Holler if you have questions. I know a few folks in the store over there and we can get you squared away.


----------



## gdog (Sep 13, 2007)

This is why I have Simms waders. They offer a wider range of sizing then most and the problem with getting larger waders to fit "around" without having huge shoe sizing for the feet. Hence the short/stout (fat) sizing, which gives you room with smaller foot sizing.


----------



## DallanC (Jan 13, 2009)

Oh Mr Blogger you BEAUTIFUL *******, that "baggie" trick worked FLAWLESSLY. My foot slipped in so fast it surprised me, and with zero pulling/pinching/bunching of the stocking. Once on, the boots were comfortable (well as comfortable as stiff new ones ever are). Waders feel great too. 

So, overall I'm pretty pleased. Cant wait to get out this weekend and give it a try.

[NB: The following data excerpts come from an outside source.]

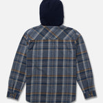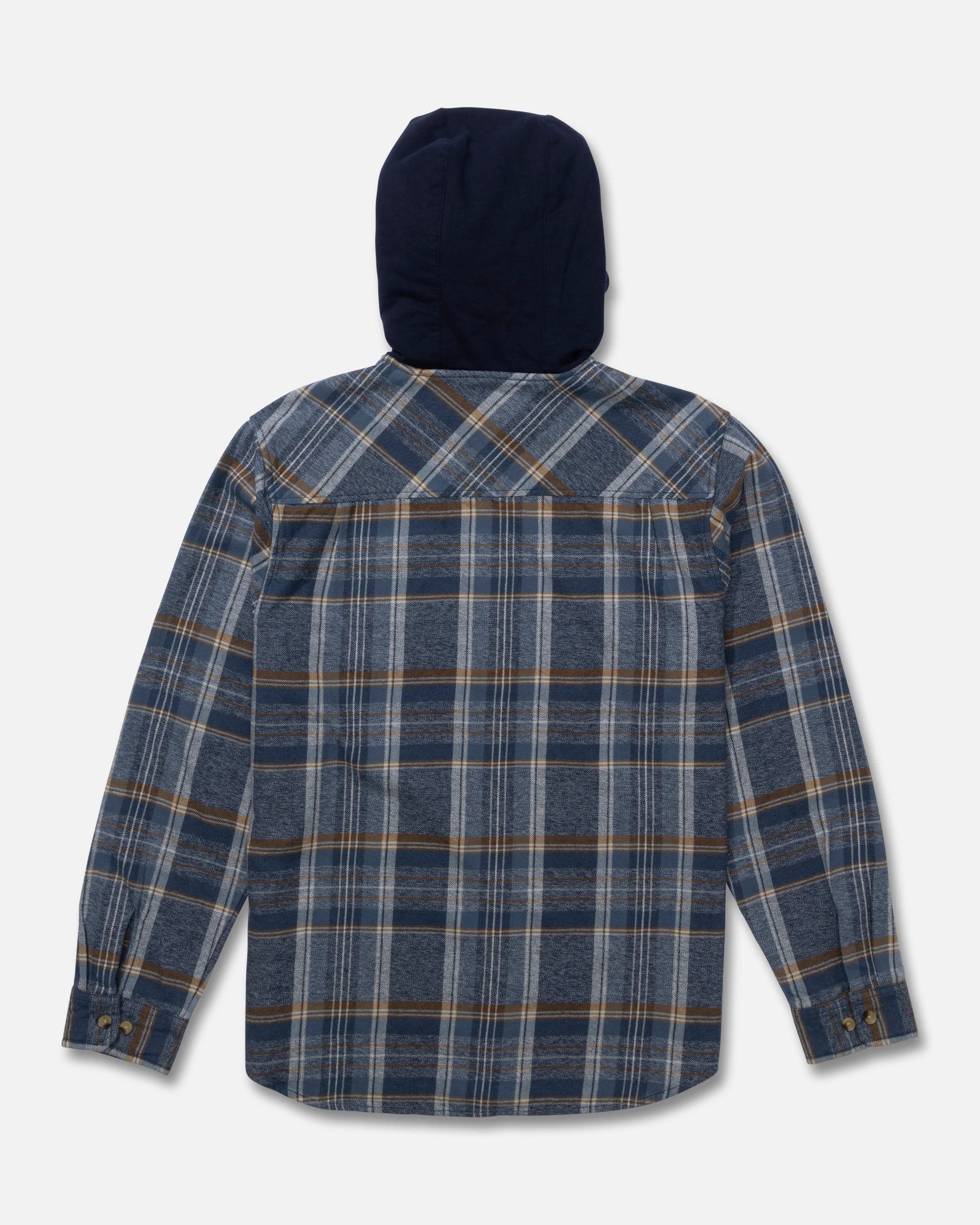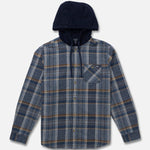 Wrap yourself in pure comfort with this Whitewash Hooded Flannel from Salty Crew. Crafted from 100% cotton heavyweight twill (250 gsm) with a cozy fleece-lined hood, this shirt brings serious style and warmth. The yarn-dyed plaid pattern features single-side brushing for a soft, lived-in feel that only gets better with wear. Details include a functional left chest pocket with woven branding, sturdy resin buttons, and a garment wash that keeps everything feeling buttery soft. Your new favorite layering piece awaits.
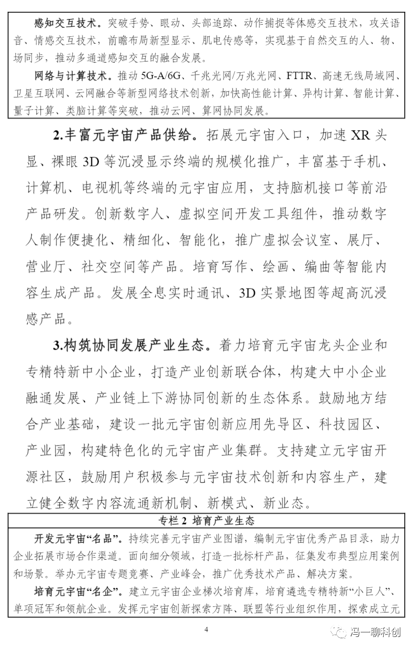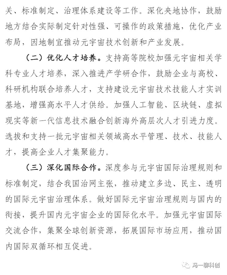 一是强化统筹协调。统筹协调各部门,加强产业、创新、财政、金融、区域等政策协同。深化央地协作,鼓励地方结合实际制定针对性强、可操作的政策措施,优化产业布局。二是优化人才培养。包括支持高等院校加强元宇宙相关学科专业人才培养,鼓励企业与高校、科研机构联合培养人才,支持建设元宇宙技能技术人才实训基地,加大海外高层次人才引进力度等。三是深化国际合作。深度参与元宇宙国际治理规则和标准制定,做好国际元宇宙治理规则与国内的衔接,推动建立多边、民主、透明的国际元宇宙治理体系。加强元宇宙国际交流合作,推动国内国际双循环相互促进。
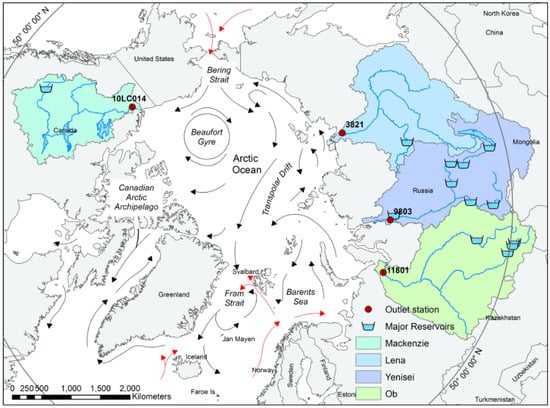 Map showing the Arctic Ocean, oceanic features, major surface currents, major reservoirs, and drainage basins and outlet stations of the Mackenzie, Ob, Yenisei and Lena rivers. Red arrows denote warmer currents, while black arrows denote colder currents. Adapted from Figure 6 in McClelland et al. [].
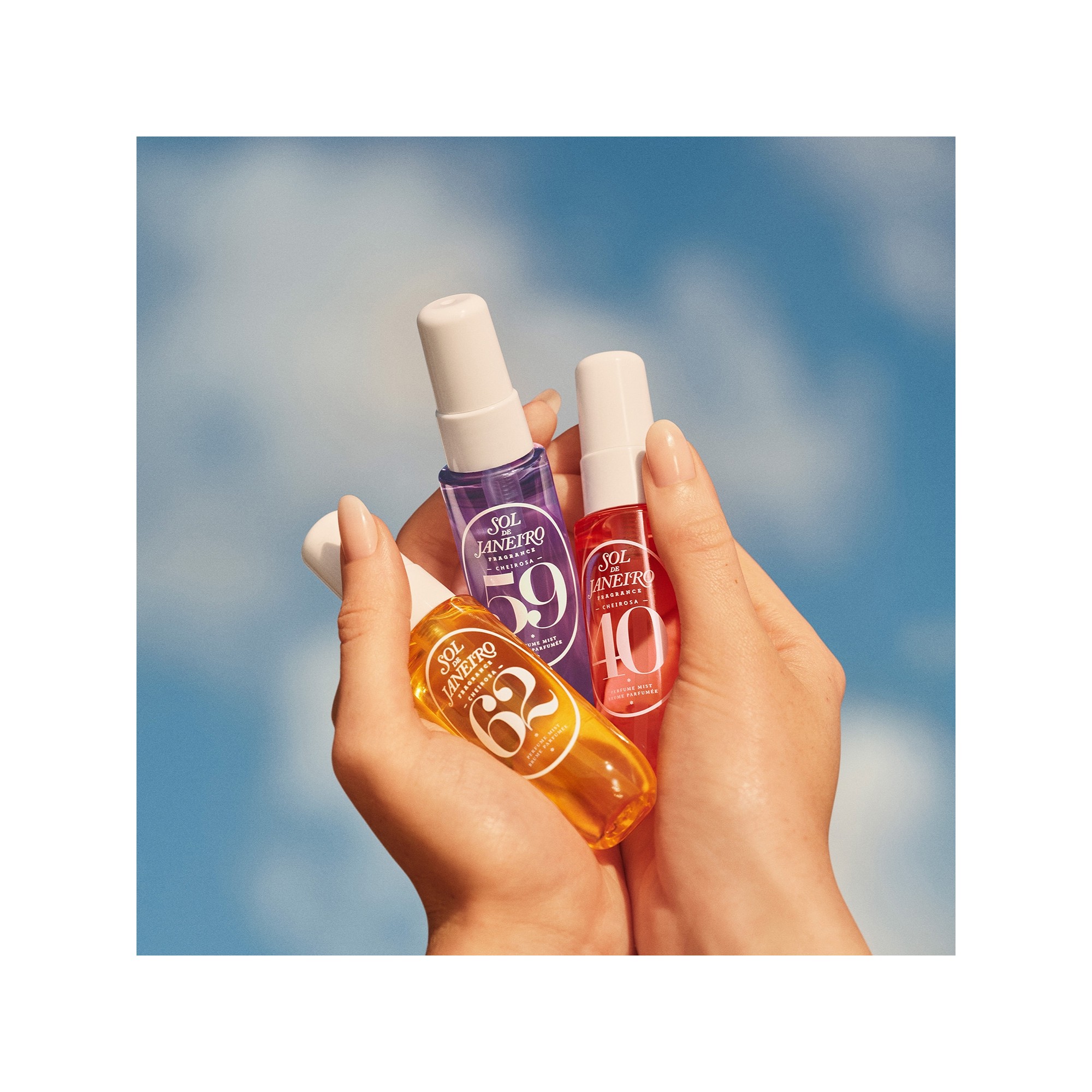 Sol de Janeiro Sunny.Sultry.Delicious. Cheirosa Perfume Mist Set est un coffret de trois brumes parfumées. Découvrez le coffret de 3 brumes parfumées Sol de Janeiro, une invitation à plonger dans l'esprit vibrant du Brésil : au Brésil, Cheirosa signifie sentir délicieusement bon. Portez chaque brume seule, superposez-les entre elles ou avec d'autres parfums de votre collection pour créer une signature olfactive qui vous ressemble. Conçues avec la technologie Scent Imprint de Sol de Janeiro, ces brumes parfumées iconiques vous accompagnent tout au long de la journée : Cheirosa 62™ : Parfum gourmand et ensoleillé, aux notes de pistache et de caramel salé. Cheirosa 40 : Parfum floral et chaud, aux notes de prune noire ambrée et de bois vanillé. Cheirosa 59 : Parfum boisé et gourmand, aux notes d'orchidée vanillée et de bois de santal.
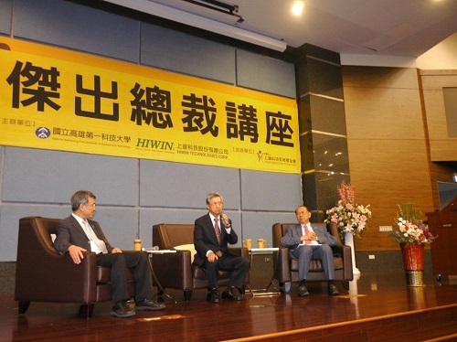 HIWIN傑出總裁講座」一年有兩次,新日興董事長(中)與第一科大校長陳振遠(左)、上銀科技公司董事長卓永財(右)跟現場學子交流。記者徐白櫻/攝影
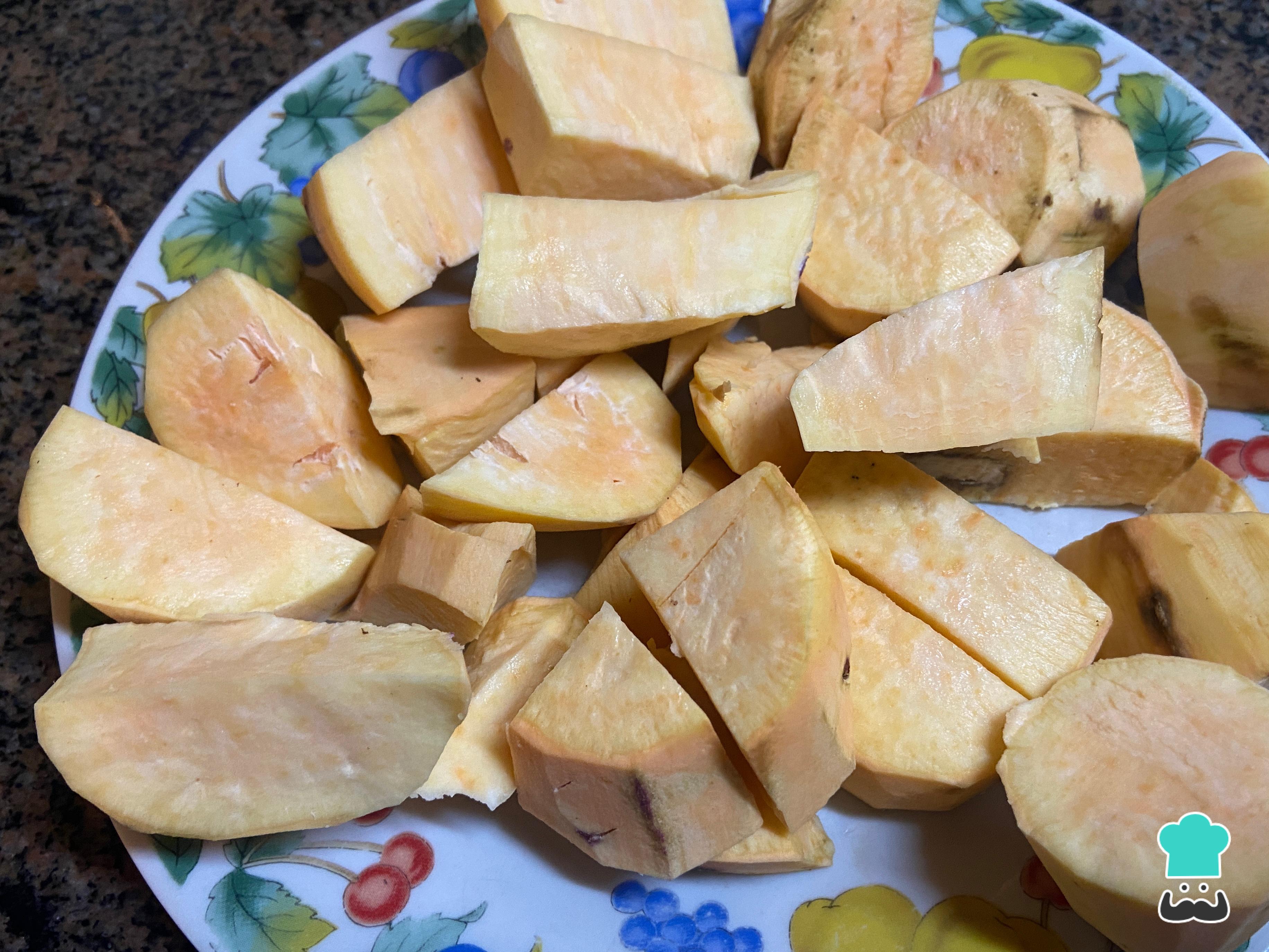 Mientras, pela y corta las batatas en cubos medianos para elaborar el acompañamiento.
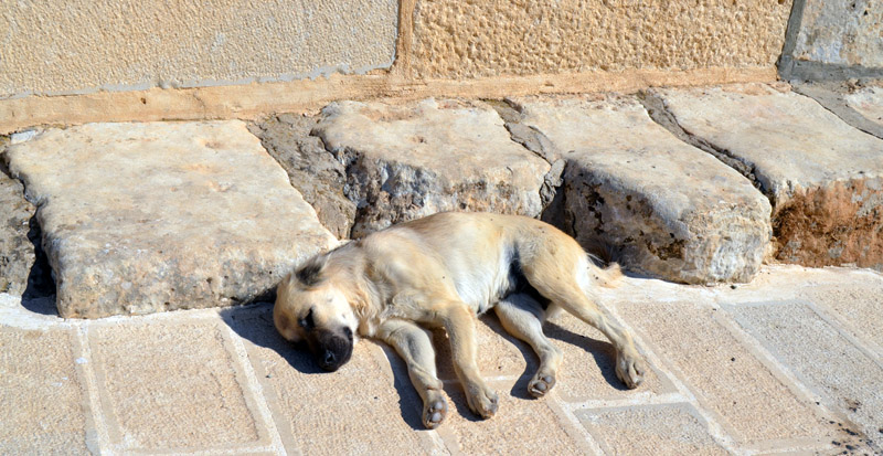 | The bridge-building Roman legion forgot their dog. As I walked by, the tail started to wag. She was so perfectly colored, I did not even see her lying there. Note the original stones that paved the bridge nearly 2000 years ago, along the edge. I am glad they left them when they put the new pavers down. |
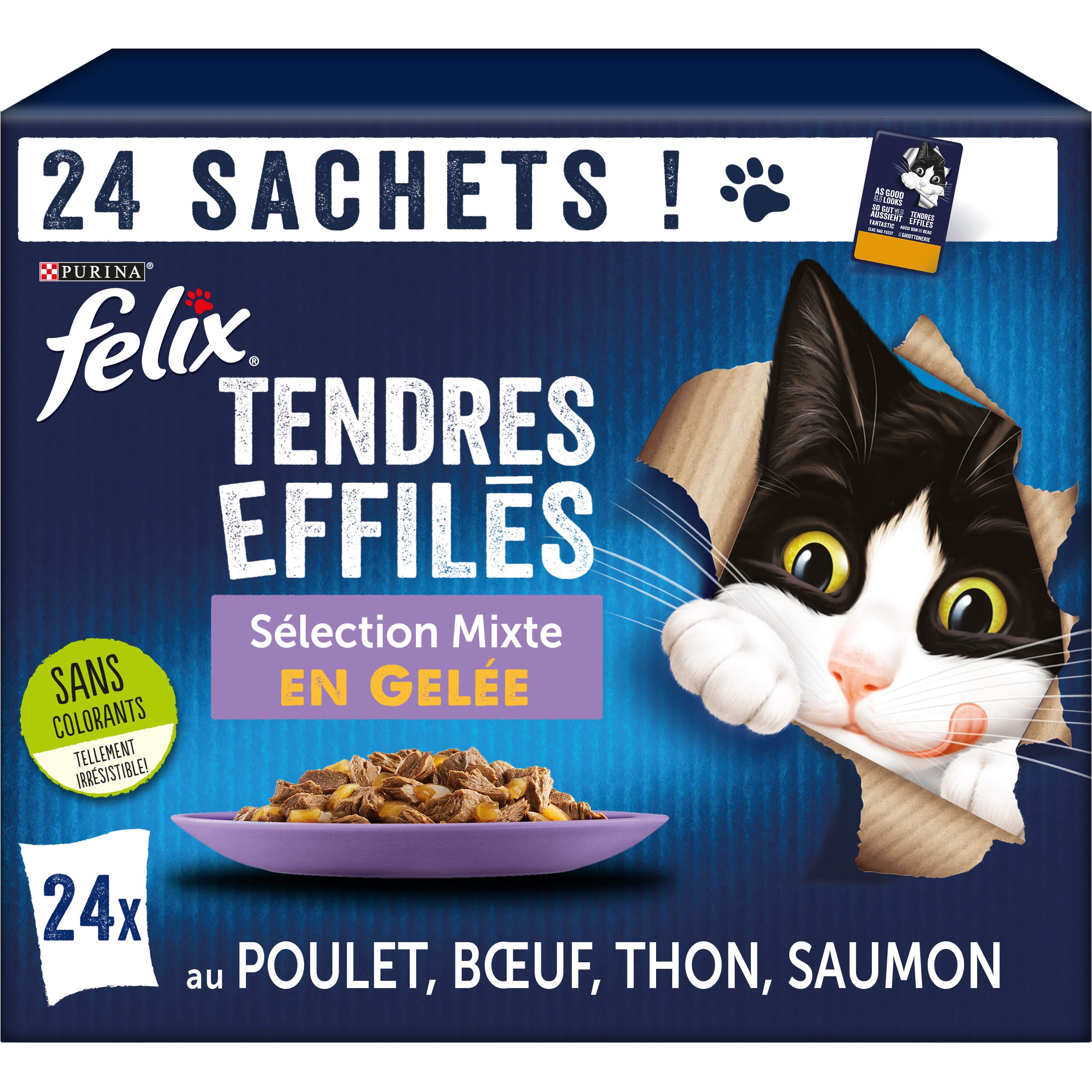 FELIX Tender Shreds are delicious meals that look, smell, and taste so appetizing you could have cooked them yourself. Each recipe is made with quality ingredients and contains tender shreds coated in jelly that will delight your cat at every meal! These meals are a source of Omega-6 fatty acids with the right balance of vitamins to help your cat stay in top condition and ready for even more mischief! They contain all the nutritional benefits to meet 100 of your cat's daily needs, according to the recommended daily rations on the packaging. And that's not all! FELIX Tender Shreds are available in a wide range of delicious recipes in jelly to satisfy your cat's craving for variety. They really are as good as they look! FELIX, so irresistible! INGREDIENTS Beef: Meat and animal derivatives (14 , including 4 beef), Vegetable protein extracts, Fish and fish derivatives, Minerals, Sugars. Bites: 44 meat and animal derivatives. Chicken: Meat and animal derivatives (14 , including 8 chicken), Vegetable protein extracts, Fish and fish derivatives, Minerals, Sugars. Bites: 44 meat and animal derivatives. Tuna: Meat and animal derivatives (12 ), Vegetable protein extracts, Fish and fish derivatives (tuna 4 ), Minerals, Sugars. Biscuits: 40 Meat and Animal By-products Salmon: Meat and Animal By-products (12 ), Vegetable Protein Extracts, Fish and Fish By-products (salmon 4 ), Minerals, Sugars. Biscuits: 40 Meat and Animal By-products FEEDING INSTRUCTIONS For an adult cat weighing approximately 4 kg, give 4 pouches per day, preferably divided into at least 2 meals. The recommended daily rations are calculated for an adult cat with moderate activity levels under normal environmental and temperature conditions. Nutritional needs may vary depending on the cat, so these rations should be adjusted to maintain your cat at its ideal weight. Serve at room temperature. Always ensure your cat has access to clean, fresh water. For a neutered adult cat weighing approximately 4 kg, give 3 pouches per day, preferably divided into at least 2 meals. See moreTendres Effilés en Gelée - Sélection Mixte - 24x85gDESCRIPTION DU PRODUIT DESCRIPTION DU PRODUIT Les Tendres Effilés de FELIX sont de savoureux repas à l'apparence, à l'odeur et au goût si appétissants que vous auriez pu les cuisiner vous-même. Chaque recette est composée d'ingrédients de qualité et contient de tendres effilés enrobés d'une gelée qui raviront votre chat à tous les repas ! Ces repas sont une source d'acides gras Oméga-6 avec le juste équilibre de vitamines pour aider votre chat à rester en pleine forme et à être prêt pour toujours plus de malice ! Ils contiennent tous les bienfaits nutritifs pour satisfaire 100 des besoins quotidiens de votre chat, selon les rations journalières recommandées sur l'emballage.Et ce n'est pas tout ! Les Tendres Effilés de FELIX sont disponibles dans une large gamme de délicieuses recettes en gelée pour satisfaire les envies de variété de votre chat.Ils sont vraiment aussi bons qu'ils en ont l'air ! FELIX, tellement irrésistible ! INGRÉDIENTS Bœuf: Viandes et sous-produits animaux (14 , dont bœuf 4 ), Extraits de protéines végétales, Poissons et sous-produits de poissons, Substances minérales, Sucres. Bouchées: 44 de viandes et sous-produits animaux. Poulet: Viandes et sous-produits animaux (14 , dont poulet 8 ), Extraits de protéines végétales, Poissons et sous-produits de poissons, Substances minérales, Sucres. Bouchées: 44 de viandes et sous-produits animaux. Thon: Viandes et sous-produits animaux (12 ), Extraits de protéines végétales, Poissons et sous-produits de poissons (thon 4 ), Substances minérales, Sucres. Bouchées: 40 de viandes et sous-produits animaux Saumon: Viandes et sous-produits animaux (12 ), Extraits de protéines végétales, Poissons et sous-produits de poissons (saumon 4 ), Substances minérales, Sucres. Bouchées: 40 de viandes et sous-produits animaux MODE D'EMPLOI Pour un chat adulte d'environ 4kg, donnez 4 sachets par jour, répartis de préférence en au moins 2 repas. Les rations journalières recommandées sont calculées pour un chat adulte à l'activité modérée dans des conditions d'environnement et de température normales. Les besoins nutritionnels peuvent varier selon le chat, il faut donc ajuster ces rations de façon à le maintenir à son poids de forme. Servir à température ambiante. Veillez à toujours laisser de l'eau propre et fraîche à disposition de votre chat.Pour un chat adulte stérilisé d'environ 4kg, donnez 3 sachets par jour, répartis de préférence en au moins 2 repas. Voir plus
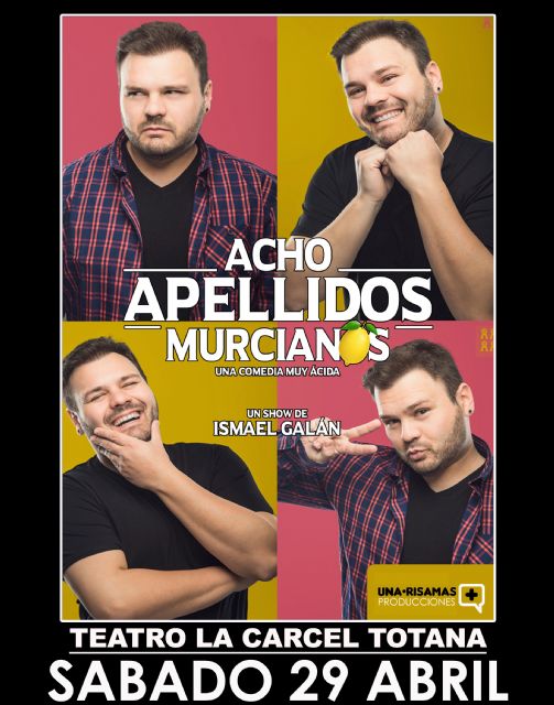 El espectáculo "Acho apellidos murcianos" llega este próximo sábado, 29 de abril, a partir de las 21:15 horas, al teatro del Centro Sociocultural "La Cárcel" organizado por la Concejalía de Festejos del Ayuntamiento de Totana, un show ácido que interpreta el monologuista Ismael Galán.

Thanks everyone for suggestions and ideas.


-DallanC


----------



## willfish4food (Jul 14, 2009)

Glad it worked out. I'll have to give that method a try.


----------



## BG1 (Feb 15, 2013)

Don't wear tennis Shoes, water socks or any other type of shoe besides proper wading boots. Even if you're just fishing lakes or float tubing. Without being able to pull the gravel guards over the boot, you will fill your shoe with gravel and other crap. This can result in leaky feet from kicking and walking. I finally learned this after going cheap for years and not buying wading boots.


----------